# Brakes



## 72buickgs (Mar 20, 2011)

out LS has disk drum and they work well. i have an '08 astra xr dr 5spd with disks on all fours. best brakes i have ever had or experienced.
remember that brakes do have to be broken it. there is a procedure.


----------



## 70AARCUDA (Nov 14, 2010)

...the 4-wheel discs on our LTZ seem fine.

...remember, the Cruze's weight is 3200+ lbs, so it's not _light weight_ by any means.


----------



## Jim Frye (Mar 16, 2011)

In their May issue comparo road test, Car and Driver Magazine complained that the brakes on their 2LT RS tester with the 17" wheel option faded so badly in the braking tests that they smoked like they were on fire. The Cruze did have the shortest stopping distance of the five cars in the test though. I suspect that the pads are not all that good (non domestic content). A brand new car should not have brake issues, but if I see a bunch of braking complaints, I'm planning on doing a brake pad upgrade on the Cruze I order. Yeah, that's an extra $90 or so for the four wheels, but I'm planning ahead. It should only take me 3 or 4 hours to do all four wheels.

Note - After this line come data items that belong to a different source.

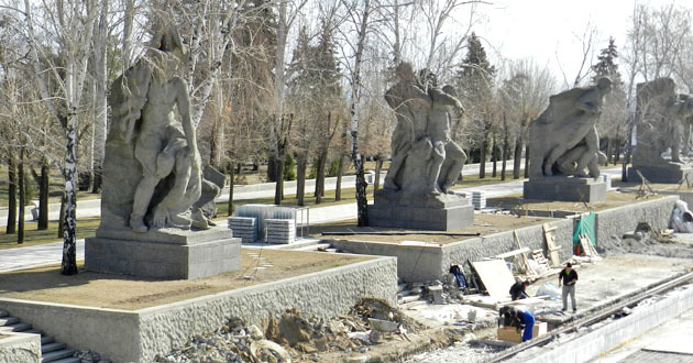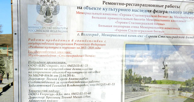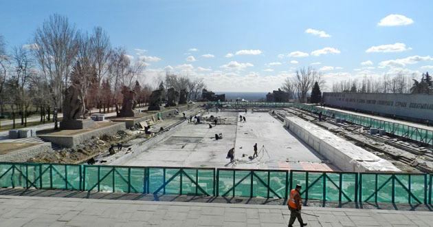 Ремонтно-реставрационные работы на мемориальном комплексе «Героям сталинградской битвы» на Мамаевом кургане. Волгоград, 24 марта 2015 г. Фоторепортаж корреспондента "Кавказского узла" Татьяны Филимоновой
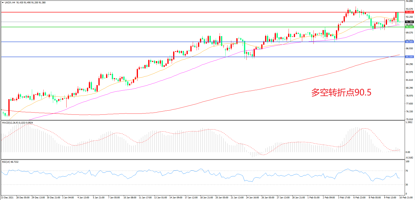 4小时图看,油价受阻于93美元后大幅回落,上行趋势暂缓, 90.5美元成为多空分水岭,MACD红柱增加,RSI指标走平,日内震荡上行概率较大。
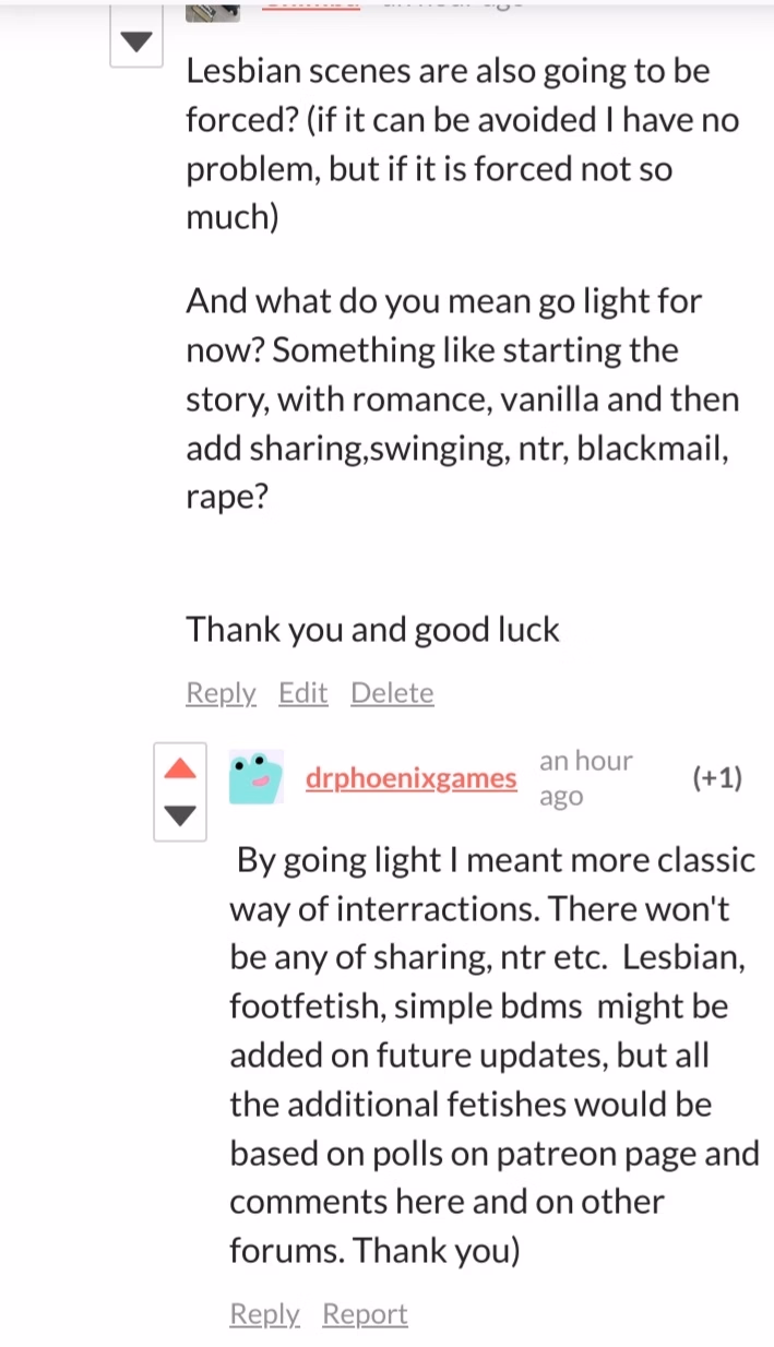 The tag exists because I reported it. It doesn't matter if you have an MMF threesome with a Li or an NPC; it's sharing, and swinging is a substitute tag for sharing since that tag doesn't exist. And hey dev, why should we believe anything you say anymore? You've proven you're a liar about not sharing with Lis. So why did you make that sex scene with Tyrone and MC's sister back then? You need to decide soon: harem or NTR/sharing? Currently, you have a cuck/NTR game. Tyrone had more sexual interactions with the MC's family than the MC himself, so don't talk such bullshit. Tyrone is only in the game for one reason: so he can sleep with the women and the MC gets nothing. Currently, the game has nothing to do with harem or incest because there's no sexual interaction with the MC and his family, and there's no harem in the game because the MC only has one girlfriend, and she doesn't know that the MC is cheating on her. Currently, you have a cheating/NTR/cuck game. The best thing you can do is rewrite the game if you want to make a harem game, which I don't believe. You're too thick-headed to see that you've messed up. An MMF scene in a harem game is absolutely unacceptable.
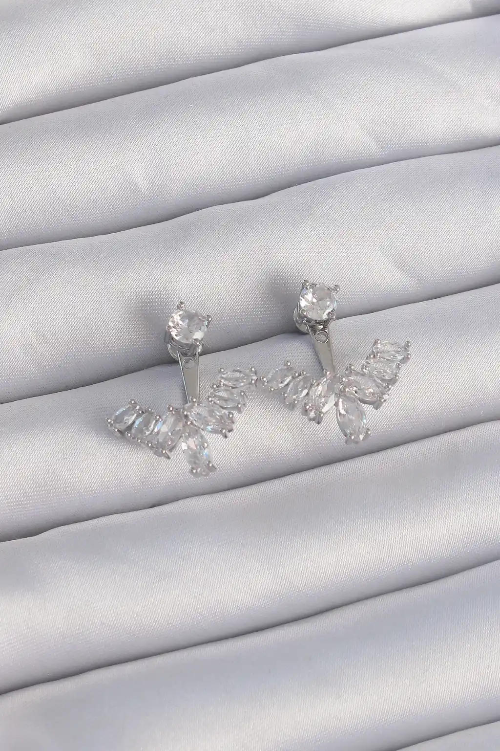 Pirinç Gümüş Renk Zirkon Taşlı V Model Küpe
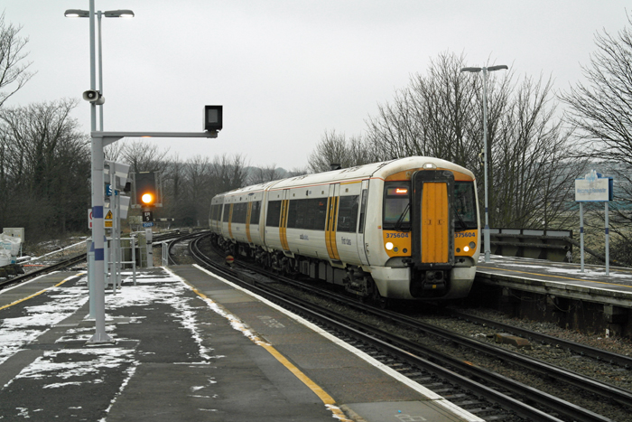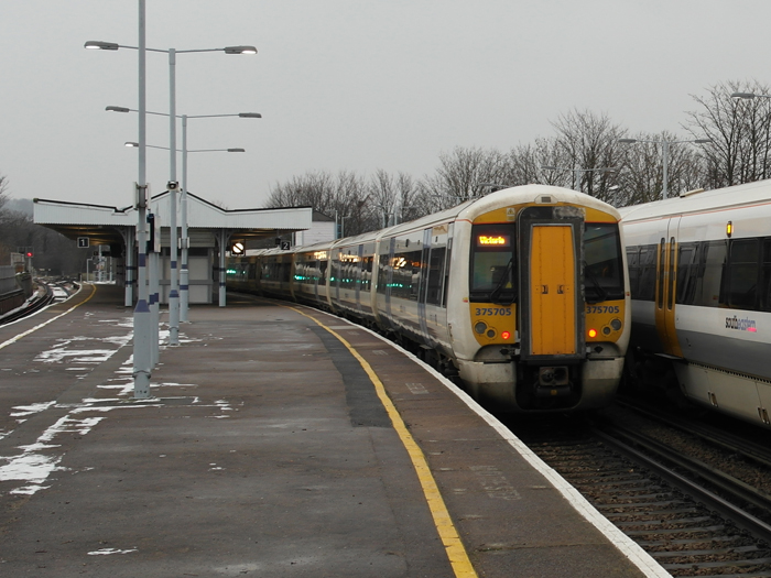 The banner repeater signal shows "all clear" as No. 375705 departs for Victoria. A variation of the basic "Southeastern" livery is observed here, the unit possessing doors painted in light blue rather than the more customary yellow. © David Glasspool

Also, how many miles on the odo? There may be a pad or two that have not mated to the disk properly.


----------



## Silver RS (Apr 8, 2011)

JGA said:


> I find the brakes on my 2LT RS just bearly adequate. I though having 4 wheel disk brakes would be a lot better. How are the rear drum brake cars? Any comments please.


 
I have a 2LT RS with 16 inch wheels which comes with rear drum brakes and they brake very well. I only have 400 miles on the car so I am still with in the brake in period. It does take some time for the shoes to seat themselves depending on individual driving habits.


----------



## jakkaroo (Feb 12, 2011)

ive smoked my brakes on my ls racing through the mountains


----------



## miaheatfan (Feb 25, 2011)

The braking in my 2LT has always been underwhelming but lately it's been getting even less responsive. I shouldn't have to push the brake pedal to the floor in order to stop in a reasonable amount of distance in a car with only ~2300 miles.


----------



## 70AARCUDA (Nov 14, 2010)

...check with your Service Manager, maybe they'll find something that's causing your "underwhelming" brakes?


----------



## Skilz10179 (Mar 22, 2011)

Your front brakes do over 70% of the work every time you stop your car, with slightly upgraded rear brakes there isn't going to be a big difference. With that said, our brakes are definitely on the small side for what these cars weigh.


----------



## SilverCruzer (Nov 30, 2010)

1 LT - Brakes work great. Stops on time, takes little pressure.


----------



## CHEVYCRUZE RS (Mar 29, 2011)

lol! same here! my reasoning: had to "work in" my brakes!




jakkaroo said:


> ive smoked my brakes on my ls racing through the mountains


----------



## JGA (Mar 15, 2011)

Jim Frye said:


> In their May issue comparo road test, Car and Driver Magazine complained that the brakes on their 2LT RS tester with the 17" wheel option faded so badly in the braking tests that they smoked like they were on fire. The Cruze did have the shortest stopping distance of the five cars in the test though. I suspect that the pads are not all that good (non domestic content). A brand new car should not have brake issues, but if I see a bunch of braking complaints, I'm planning on doing a brake pad upgrade on the Cruze I order. Yeah, that's an extra $90 or so for the four wheels, but I'm planning ahead. It should only take me 3 or 4 hours to do all four wheels.
> 
> Also, how many miles on the odo? There may be a pad or two that have not mated to the disk properly.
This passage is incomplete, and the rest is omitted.